• [Activity]
Please return the data word for word and leave out any picture it contains.

• [Source material]
--

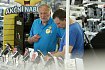 16:34 – Zpravodajské studio je zatím složené v kamionu, postupně se musí složit a připravit k vysílání. Na kamionu je umístěná i velkoplošná obrazovka. První mobilní relaci budou z Mikulova moderovat Terezie Kašparovská a Tomáš Hauptvogel. Ti právě ukazují novinářům výsuvné mechanismy, které postupně skládají celé studio. „Je jich celkem šedesát,“ prozradil Tomáš Hauptvogel. Podle Terezie Kašparovské lze výsuvné šuplíky ovládat i manuálně, pokud by motory selhaly. V zázemí kamionu je i miniaturní maskérna.
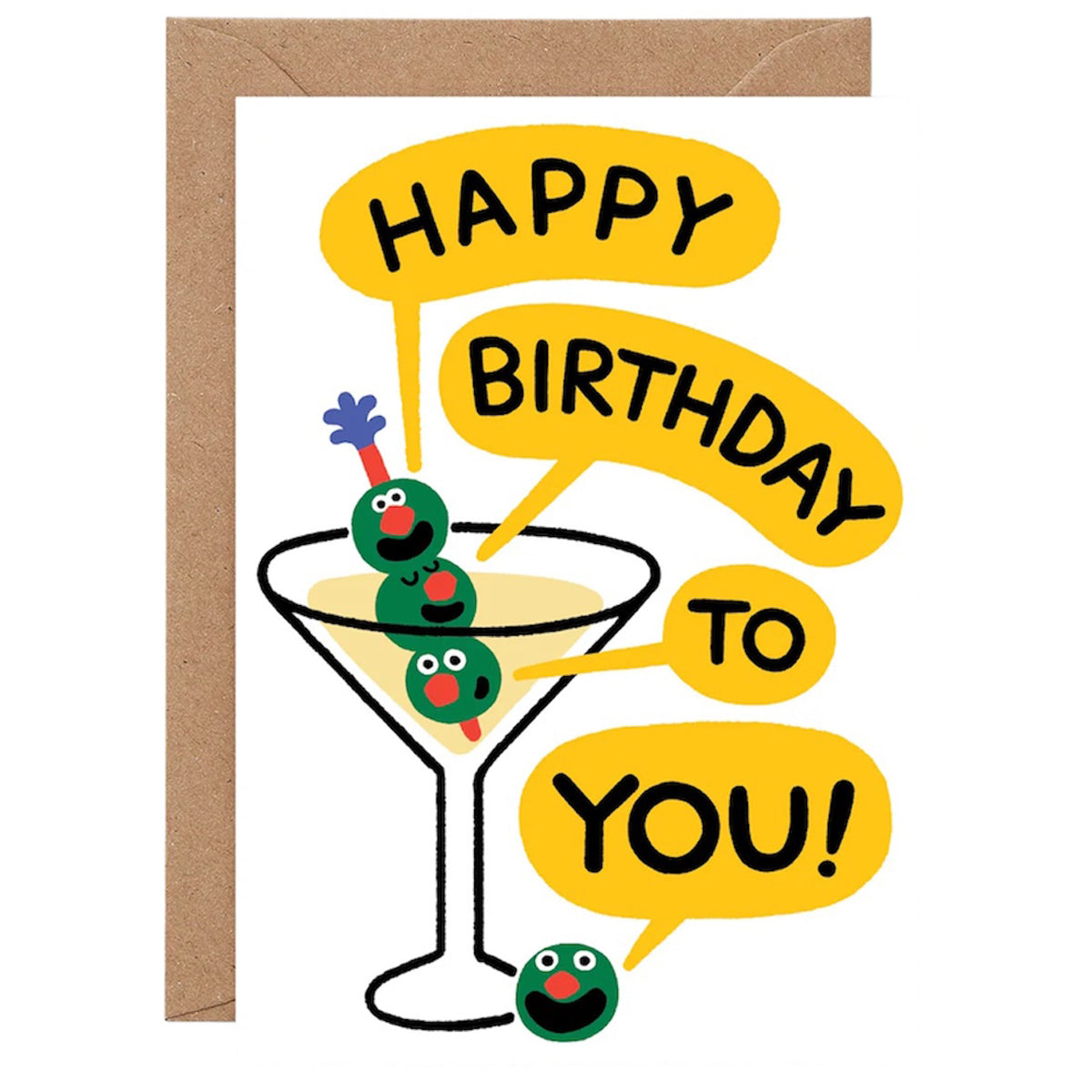 Happy Birthday Martini greetings card by Cari Vander Yacht for Wrap. 1 olive or 4? Raise a glass to their birthday with this joyful card by Brooklyn-based Cari Vander Yacht in her fun signature style. Blank inside with a white envelope.
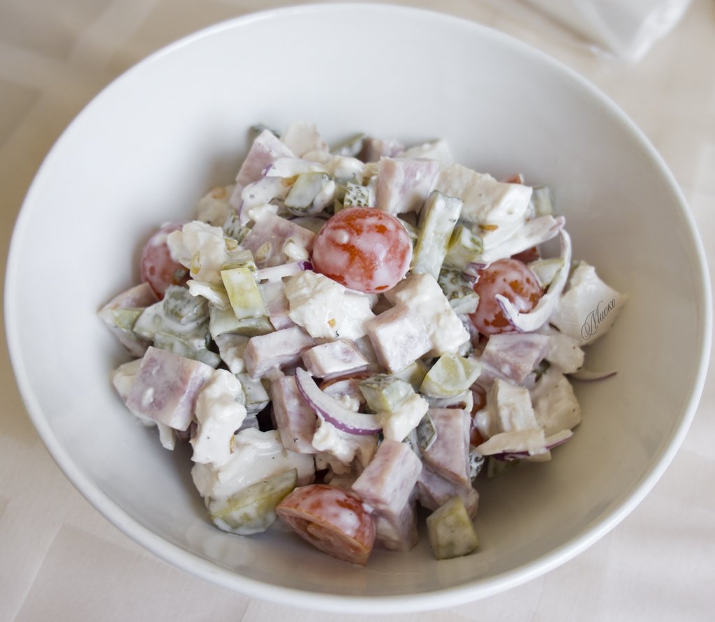 Салат с ветчиной маринованными грибами и маринованными огурцами: Рецепт салата с ветчиной и маринованными грибами
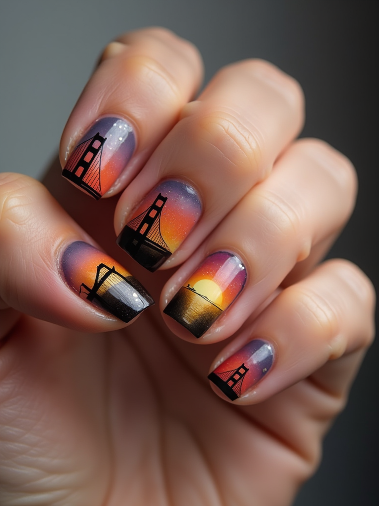 nails with detailed Golden Gate Bridge design, San Francisco skyline at sunset, clean softbox lighting, posed fingers with high gloss

--

• [Response to the exercise]
 16:34 – Zpravodajské studio je zatím složené v kamionu, postupně se musí složit a připravit k vysílání. Na kamionu je umístěná i velkoplošná obrazovka. První mobilní relaci budou z Mikulova moderovat Terezie Kašparovská a Tomáš Hauptvogel. Ti právě ukazují novinářům výsuvné mechanismy, které postupně skládají celé studio. „Je jich celkem šedesát,“ prozradil Tomáš Hauptvogel. Podle Terezie Kašparovské lze výsuvné šuplíky ovládat i manuálně, pokud by motory selhaly. V zázemí kamionu je i miniaturní maskérna.
 Happy Birthday Martini greetings card by Cari Vander Yacht for Wrap. 1 olive or 4? Raise a glass to their birthday with this joyful card by Brooklyn-based Cari Vander Yacht in her fun signature style. Blank inside with a white envelope.
 Салат с ветчиной маринованными грибами и маринованными огурцами: Рецепт салата с ветчиной и маринованными грибами
 nails with detailed Golden Gate Bridge design, San Francisco skyline at sunset, clean softbox lighting, posed fingers with high gloss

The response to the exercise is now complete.